Ketiga contoh di atas menunjukkan bahwa di mata Adz Dzahabiy tautsiq Al Ijli tetap dapat dijadikan hujjah. Adz Dzahabiy tidak menganggapnya tasahul bahkan ia mendahulukan tautsiq Al Ijli daripada pernyataan majhul Abu Hatim.

Mengapa ada ulama semisal Al Mu’allimiy dan Al Albaniy yang menganggap Al Ijli tasahul?. Jawabannya karena terdapat sebagian perawi yang dinyatakan tsiqat oleh Al Ijli tetapi dinyatakan majhul dan dhaif oleh ulama lain.

Hal ini jelas bukanlah bukti kuat bahwa Al Ijli tasahul, perkara ini adalah perbedaan ijtihad yang biasa terjadi diantara para ulama jarh dan ta’dil. Ada sebagian ulama yang menta’dilkan perawi tetapi dalam pandangan ulama lain perawi tersebut majhul atau mendapat predikat jarh. Perkara seperti ini tidak hanya terjadi pada Al Ijli, tetapi juga pada ulama lain seperti Abu Hatim, Ibnu Ma’in, Ahmad bin Hanbal dan yang lainnya.

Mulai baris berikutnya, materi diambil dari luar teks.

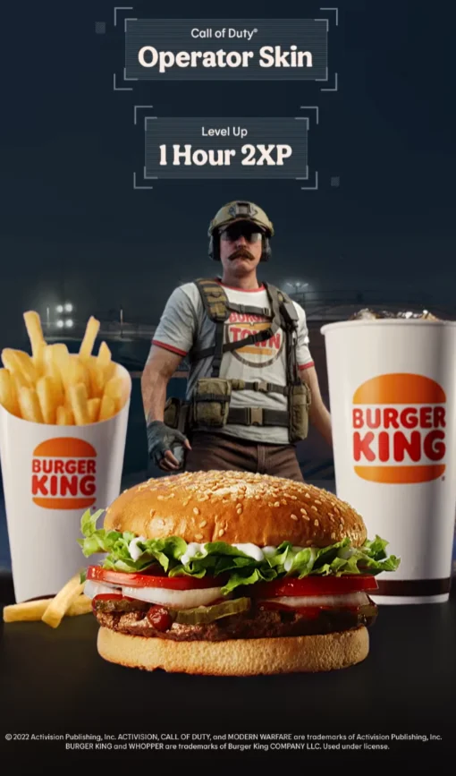 1. Название: Burger Town Operator Skin + 1 Hour 2XP [CoD MW2]
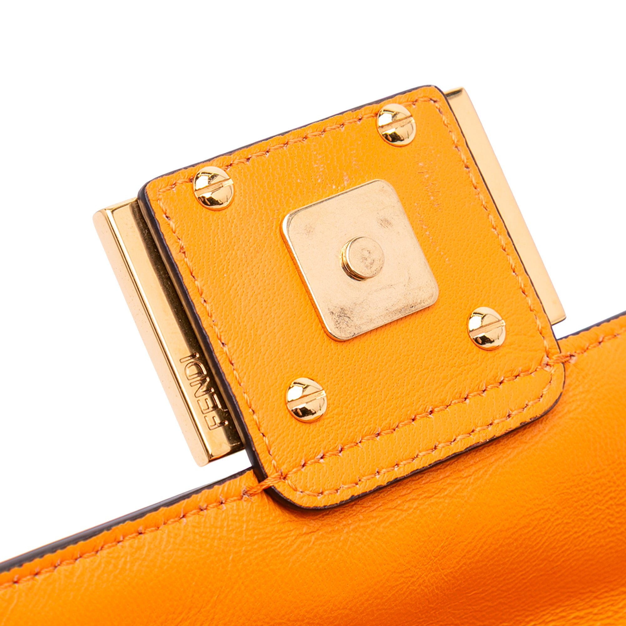 Please note this is a pre-owned item that may display signs of wear consistent with the condition listed above and shown in photos. Designer Revival guarantees this is an authentic Orange Fendi Mini Zucca Embossed Leather Baguette Satchel or 100% of your money back. Learn more about our authentication process.

Perbedaan seperti itu hendaknya disikapi secara metodologis, kami pribadi juga tidak semata-mata membela Al Ijli secara buta. Jika seandainya ternukil pendapat ulama lain yang bertentangan dengan pendapat Al Ijli maka hendaknya ditimbang secara adil, dinilai mana yang lebih kuat atau rajih. Tetapi jika tidak ternukil pendapat ulama yang bertentangan dengan Al Ijli maka tautsiq Al Ijli dapat diterima. Inilah pendapat yang benar dan kami ambil perihal tautsiq Al Ijli.

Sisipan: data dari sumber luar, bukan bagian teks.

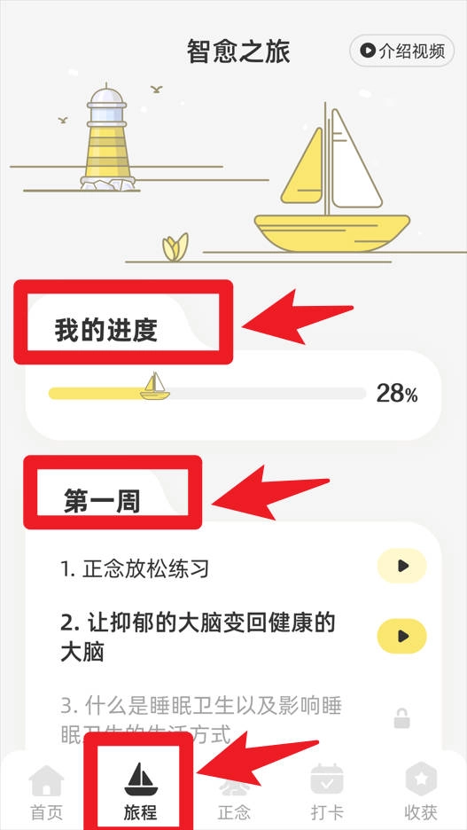 进入旅程页面后,你能查看自己的进度和当前学习周次,点击对应的模块就能按照课程安排开展冥想练习,逐步推进以达成目标。

Aswj yang bisanya cuma bilang majhul sebenarnya tidak paham kriteria majhul dalam ilmu hadis dan pembahasannya. Majhul itu ada dua macam yaitu majhul ‘ain dan majhul hal atau mastur. Perawi yang diriwayatkan oleh dua orang perawi tsiqat maka terangkat majhul-nya yaitu majhul ‘ain dan kedudukannya adalah majhul hal atau mastur. Apakah perawi dengan kedudukan majhul hal tertolak?. Ia memang tidak bisa dijadikan hujjah tetapi bisa dijadikan penguat syawahid atau mutaba’ah. Inilah yang dikenal dalam ilmu hadis. Selain itu di sisi para ulama, terdapat nilai tambah jika perawi mastur tersebut adalah tabiin awal yang bertemu dan meriwayatkan dari para sahabat.

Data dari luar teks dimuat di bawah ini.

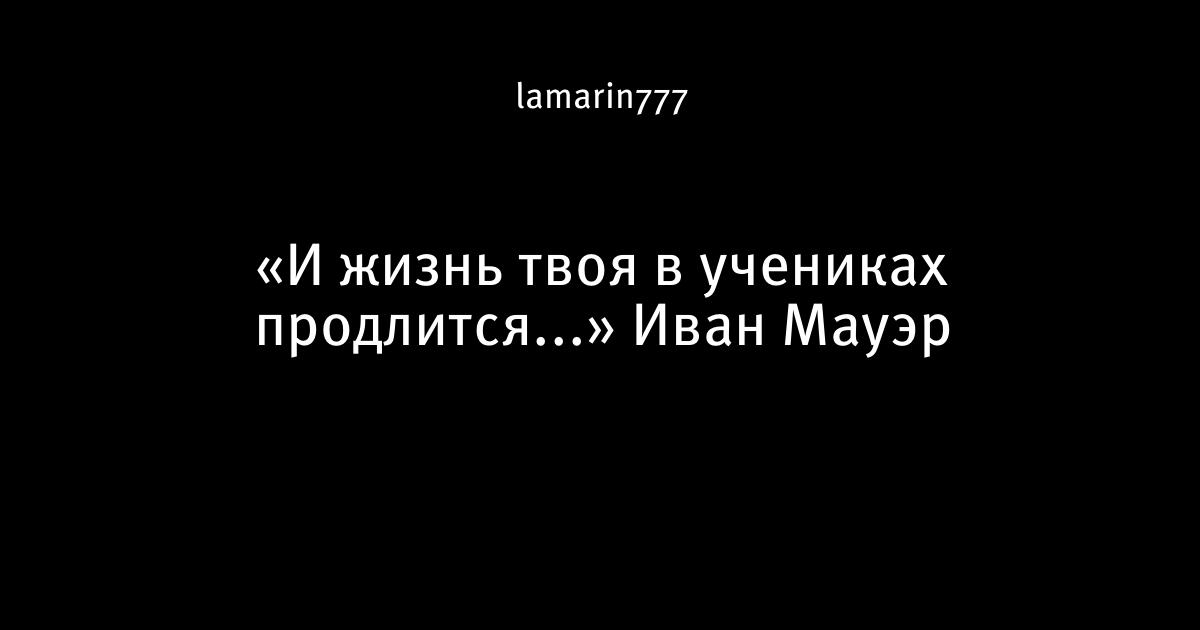 «И жизнь твоя в учениках продлится...» Иван Мауэр

Syaikh Al Albani sendiri menilai hadis yang diriwayatkan oleh tabiin yang mastur atau majhul hal dan dimasukkan Ibnu Hibban dalam Ats Tsiqat sebagai hadis hasan. Inilah contohnya:
1. Hadis Abu Sa’id Al Ghifari, tabiin yang meriwayatkan darinya dua orang perawi tsiqat dan biografinya disebutkan Ibnu Hibban dalam Ats Tsiqat. Syaikh Al Albani menguatkan hadisnya dan menilainya hasan [Silsilah Ahadits Ash Shahihah no 680].
2. Hadis Hasan bin Muhammad Al Abdiy, tabiin yang telah meriwayatkan darinya dua orang perawi tsiqat dan biografinya disebutkan Ibnu Hibban dalam Ats Tsiqat. Syaikh Al Albani menghasankan hadisnya [Irwa’ Al Ghalil no 225].


Jadi kepada aswj kami sarankan agar perbanyak belajar ilmu hadis jangan cuma taklid pada perkataan salafy nashibi dan da’i-da’i mereka yang sok ilmiah. Tidak perlu anda sok mengatasnamakan diri sebagai ahlus sunnah wal jamaah apalagi dengan embel-embel Asy’ariyah Maturidiyah. Bersikap jantanlah dan jangan berlindung dibalik nama besar mazhab tertentu.


حدثنا فهد ثنا عثمان بن أبي شيبة ثنا حرير بن عبد الحميد عن الأعمش عن جعفر بن عبد الرحمن البجلي عن حكيم بن سعيد عن أم سلمة قالت نزلت هذه الآية في رسول الله وعلي وفاطمة وحسن وحسين إنما يريد الله ليذهب عنكم الرجس أهل البيت ويطهركم تطهيرا

Telah menceritakan kepada kami Fahd yang berkata telah menceritakan kepada kami Usman bin Abi Syaibah yang berkata telah menceritakan kepada kami Jarir bin Abdul Hamid dari ’Amasy dari Ja’far bin Abdurrahman Al Bajali dari Hakim bin Saad dari Ummu Salamah yang berkata Ayat ini turun untuk Rasulullah, Ali, Fatimah, Hasan dan Husain yaitu Sesungguhnya Allah berkehendak menghilangkan dosa dari kamu wahai Ahlul Bait dan menyucikanmu sesuci-sucinya [Musykil Al Atsar Ath Thahawi 1/227].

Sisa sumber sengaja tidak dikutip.